(Supplied records begins)
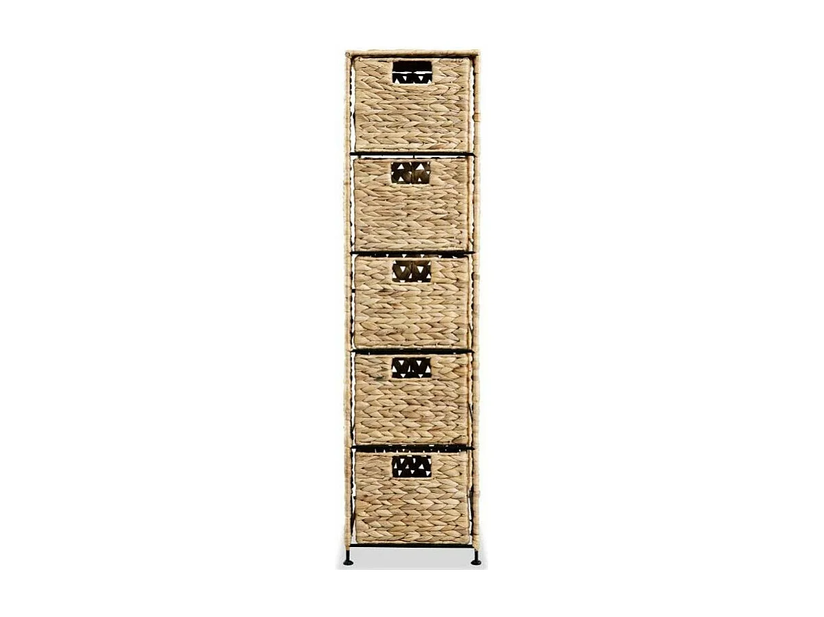 Chiffonnier 5 tiroirs métal et jacinthe marron Kyca
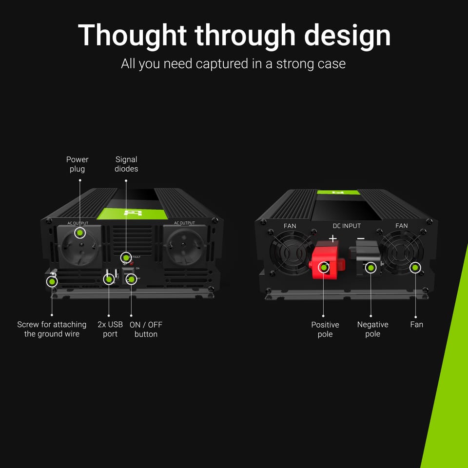- Uniwersalność - przetwornica Green Cell posiada nie tylko gniazda sieciowe, do których można podpiąć urządzenia elektryczne, ale także port USB do ładowania mniejszych gadżetów takich jak smartfon czy tablet
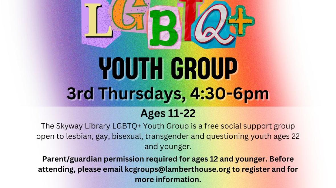Free LGBTQ Youth Group Event Details When No upcoming dates scheduled Price Free Recommended Ages Ages 11-22 years Venue Skyway Library 12601 76th Avenue S Seattle, WA 98178-4835 United StatesGet Directions https://www.lamberthouse.org/
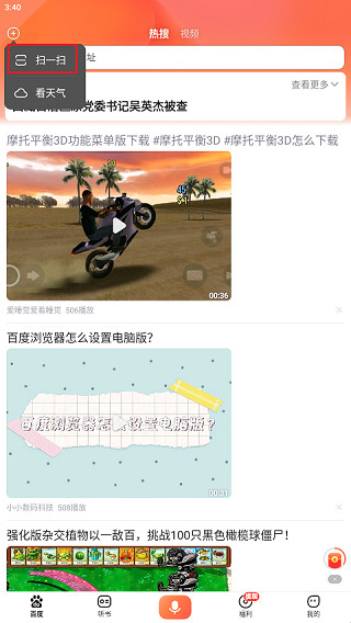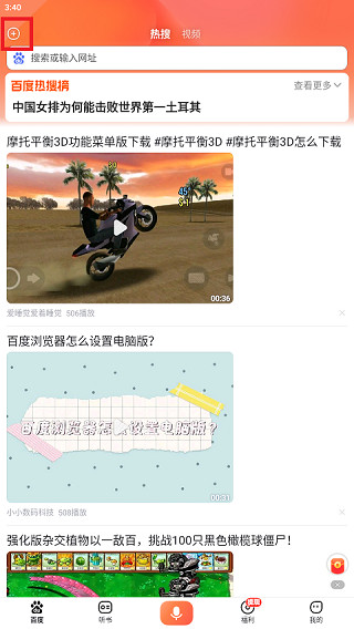 1、先打开百度畅听版APP,看到首页后点一下左上角的加号按钮
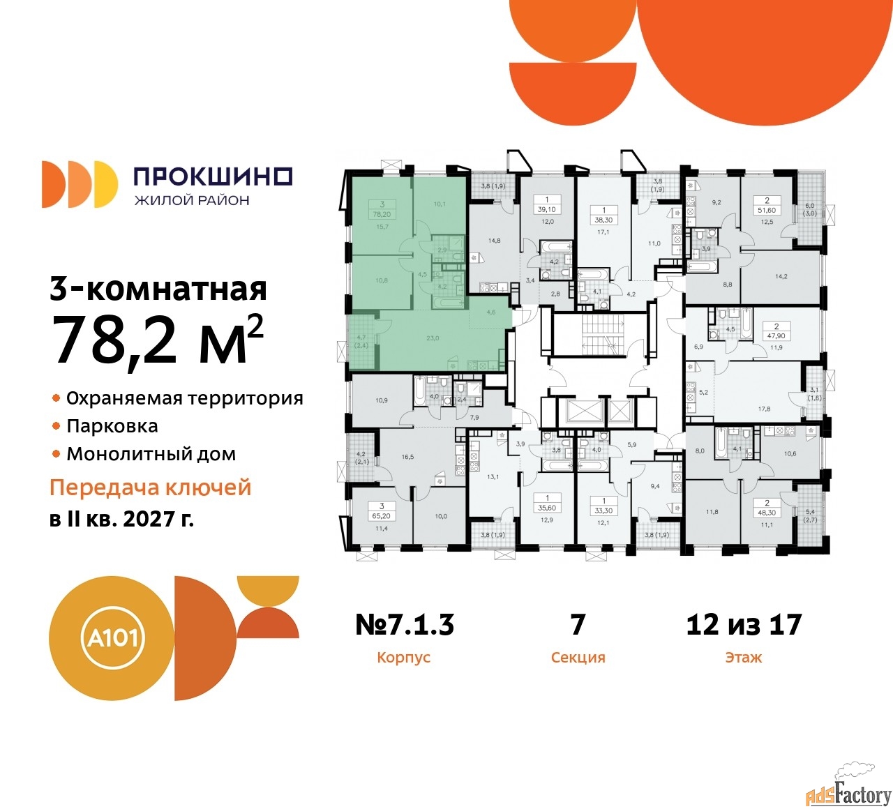 Квартира находится в корпусе 7.1.3. Дом монолитный, одноподъездный, высотой 17 этажей. На этаже 9 квартир. В подъезде 1 пассажирский и 1 грузовой лифт. Начало строительства - 4 квартал 2024 года. Окончание строительства - 2 квартал 2027 года. Оформление сделки по договору долевого участия.
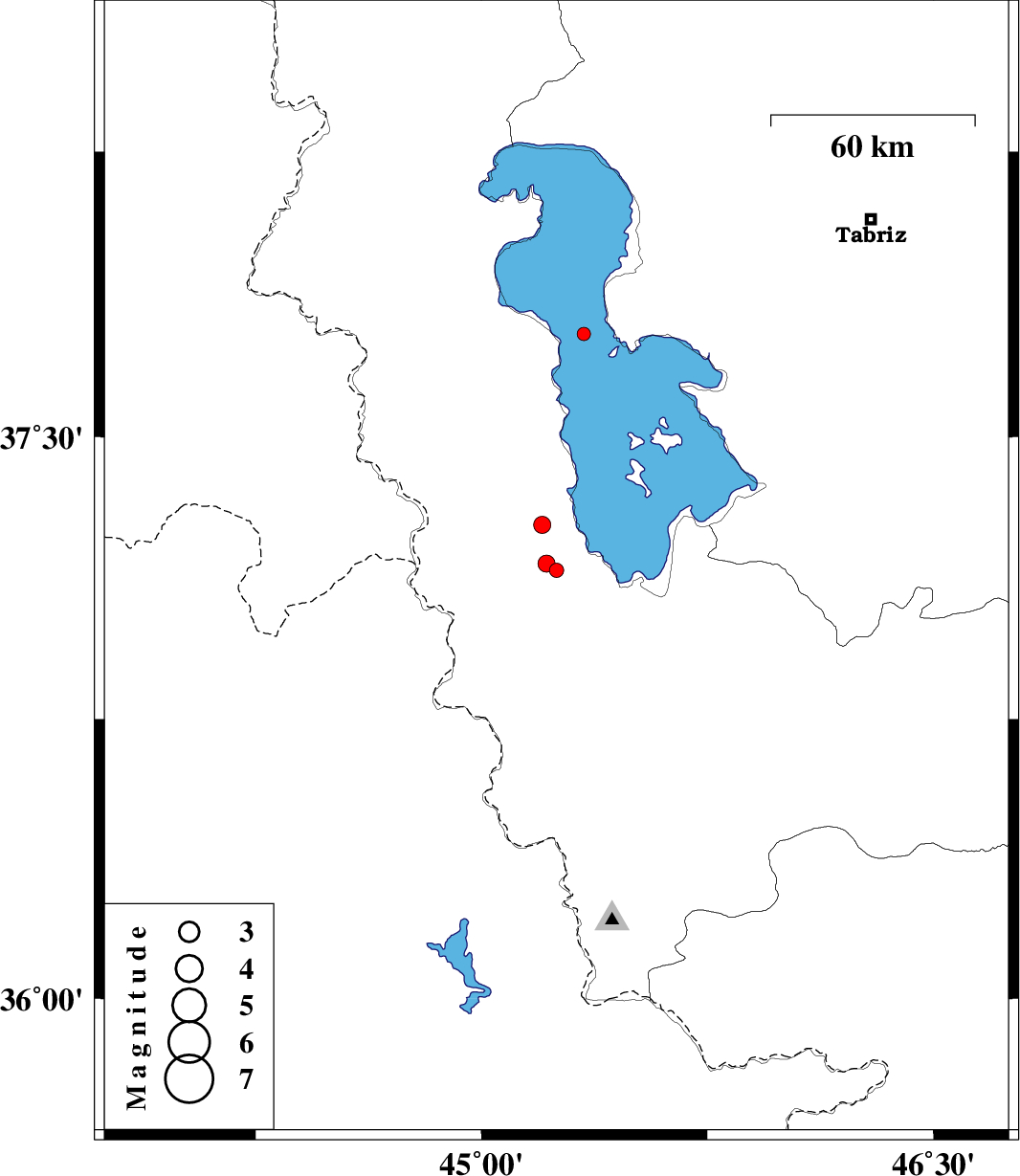 | 2017/10/31 | 16:32:45.1 | 20:02:45.1 | 37.771 | 45.34 | 14 | ML:2 | , 34 km North-East of Orumiyeh | ||
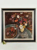 Zeldzaam bloemstilleven van Paerels. Zijn bloem stillevens zijn het meest gewilde. Paerels schilderde dit werk in de jaren 30. Op de achterkant is ook door zijn vrouw bevestigd dat het om een werk van Willem Paerels gaat. Tevensis het doek op de achterkant gestempeld met zijn atelierstempel.
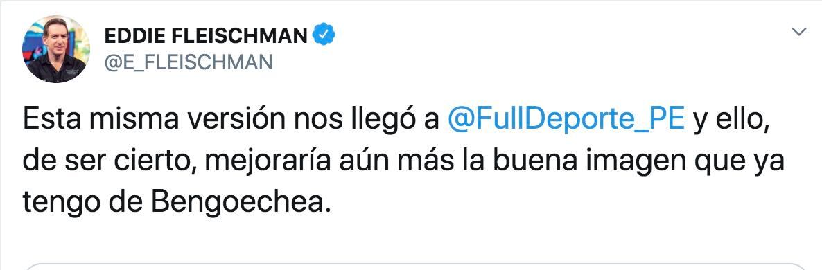 “Esta misma versión nos llegó y ello, de ser cierto, mejoraría aún más la buena imagen que ya tengo de Bengoechea”, escribió el comentarista deportivo en su cuenta de Twitter.
(Supplied records ends)
**Task details**
From the records above, copy exactly the lines starting at the one with "1、先打开百度畅听版APP,看到首页后点一下左上角的加号按钮" and ending at the one with "Orumiyeh | ||", and no others. Pictures stay out.

**Expected answer**
 1、先打开百度畅听版APP,看到首页后点一下左上角的加号按钮
 Квартира находится в корпусе 7.1.3. Дом монолитный, одноподъездный, высотой 17 этажей. На этаже 9 квартир. В подъезде 1 пассажирский и 1 грузовой лифт. Начало строительства - 4 квартал 2024 года. Окончание строительства - 2 квартал 2027 года. Оформление сделки по договору долевого участия.
 | 2017/10/31 | 16:32:45.1 | 20:02:45.1 | 37.771 | 45.34 | 14 | ML:2 | , 34 km North-East of Orumiyeh | ||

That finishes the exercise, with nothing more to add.